When someone plays a game, they are minded to try, at least, to score points in the game (even if there is no final score but one can simply try for a higher score each time one plays), and often enough to win. But then would one be motivated to play a game where it could be indeterminate if one had scored/won, or even whether one had made a certain kind of move at all?
Or, specifically, imagine a "proof game," and ask: do I have a proof, or do I not have a proof, of X (where X is whatever one is looking to prove), as of some move? If a logician rejects the LEM in favor of provability, yet what about exclusive disjunctions over claims to have a proof in the first place? But if there are "indeterminately existent" proofs, then there would be indeterminately existent objects of proof, and then we would still seem to have a sort of "fuzzy access" to recognition-transcendent information. It does not seem like much has been gained, and it seems also as if much has been lost, for having to think this (would an intuitionist, on thematic grounds, be more comfortable with a mathematical ontology of indeterminate proofs that indeterminately support the existence of indeterminate transcendent objects, or with the no-nonsense LEM, which at least can be tailored to help in avoiding the claim to mathematical omniscience?).
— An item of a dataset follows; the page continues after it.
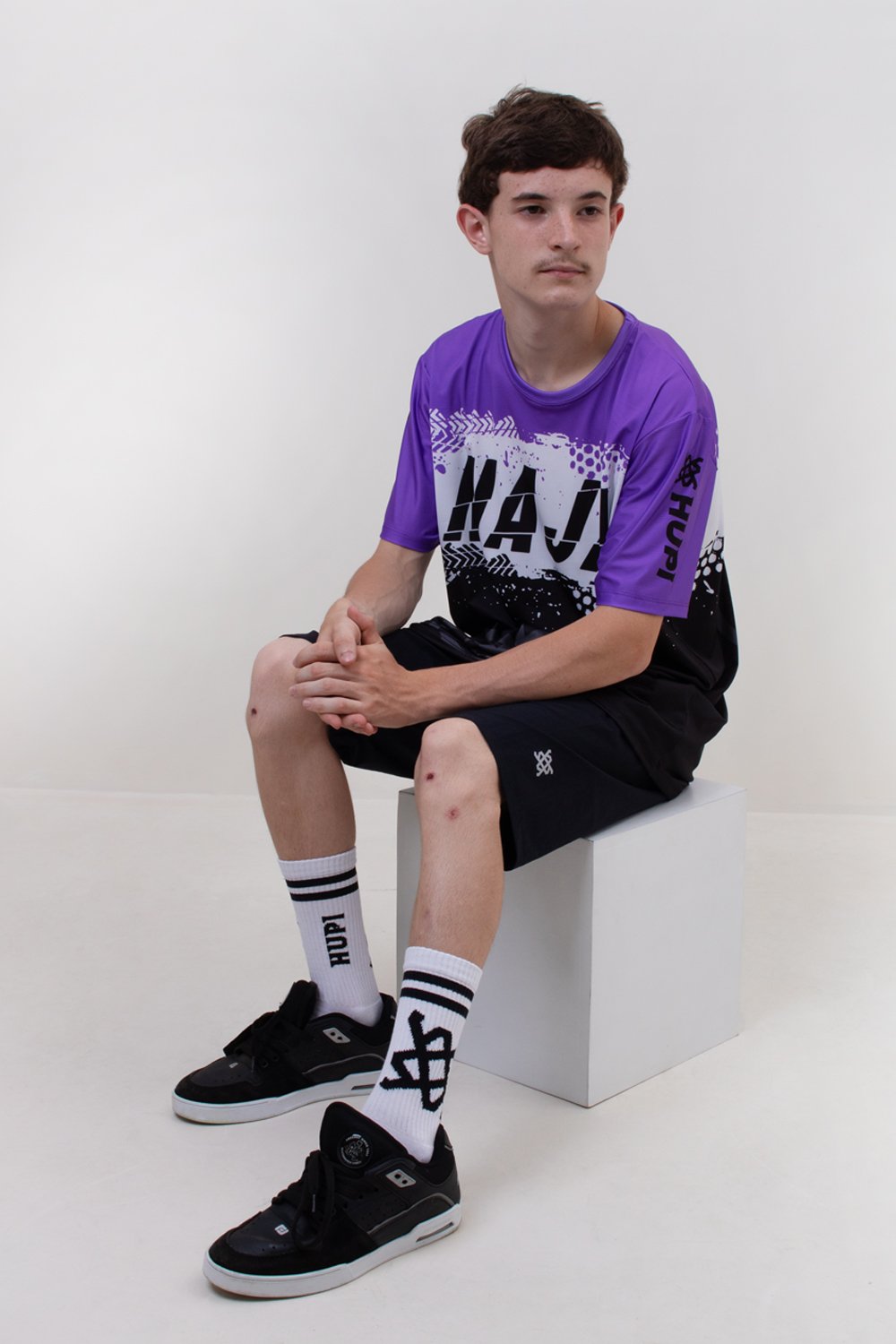 Seja para pedalar, treinar ou compor looks estilosos, a Camiseta HUPI Naja Roxo/Branco/Preto é a escolha perfeita.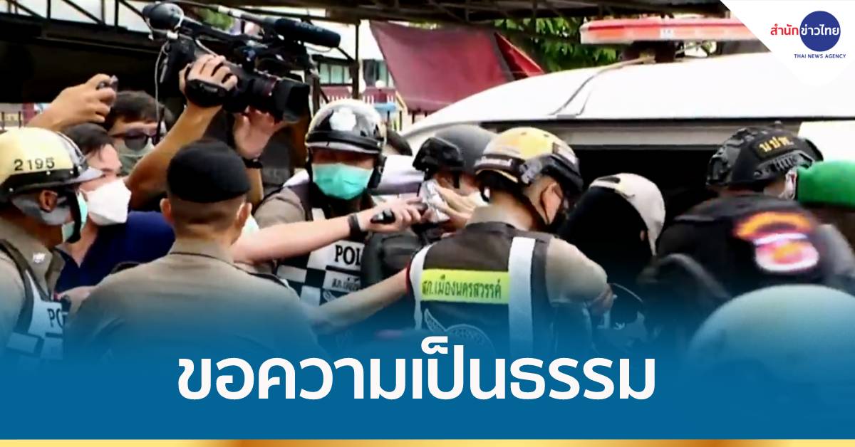 ส.ต.ต.ปวีณ์กร คำมาเร็ว ถูกคุมตัวออกมาเป็นคนแรก โดยระหว่างควบคุมตัวเจ้าหน้าที่ไม่ได้ให้ผู้ต้องหาสวมหมวกไอ้โม่ง แม้จะมีหมวกและแมสก์ปิดเอาไว้ แต่ก็เห็นได้ว่าผู้ต้องหามีสีหน้าไม่สบายใจ โดยเฉพาะ ส.ต.ต.ปวีณ์กร ซึ่งได้ร่ำไห้ และตะโกนบอกกับผู้สื่อข่าวว่า ขอความเป็นธรรมให้ผมด้วย ทางด้านดาบโบ้ หรือ ด.ต.วิสุทธิ์ บุญเขียว ซึ่งสวมเสื้อกล้ามสีดำแดง กล่าวสั้นๆว่า เดี๋ยวความจริงปรากฏเอง

More acutely: if we can will that we disjoin one assertion A exclusively from all assertions that satisfy not(A), have we not willed the LEM? Or, that is, is the LEM not "true" just because (but only when) the form of our will obeys it? Between, "Do X," and, "Not(Do X)," there is no LEM-free space; we cannot resolve moral dilemmas by discharging both obligations (supposedly). So again, game-theoretically, it is as if the LEM is "true" or else the game of logic is not a game of scoring points/winning. (But then again, a logical pluralist can be styled as someone who is not academically competitive about the system of logic they tend to use in their own work. And the analogy with arbitrarily high scoring might not be applicable: a pluralist working with a single logic can still "score points" by showing that, in the given system, a given proof is or is not valid; but for the pluralist, it is often a cakewalk to alter the structural premises of the system so as to make a proof valid; so then the question of validity, for the pluralist, is not as entrancing, neither then is scoring proof-points; it might be interesting but is not so accounted as revelatory of ultimate reality.)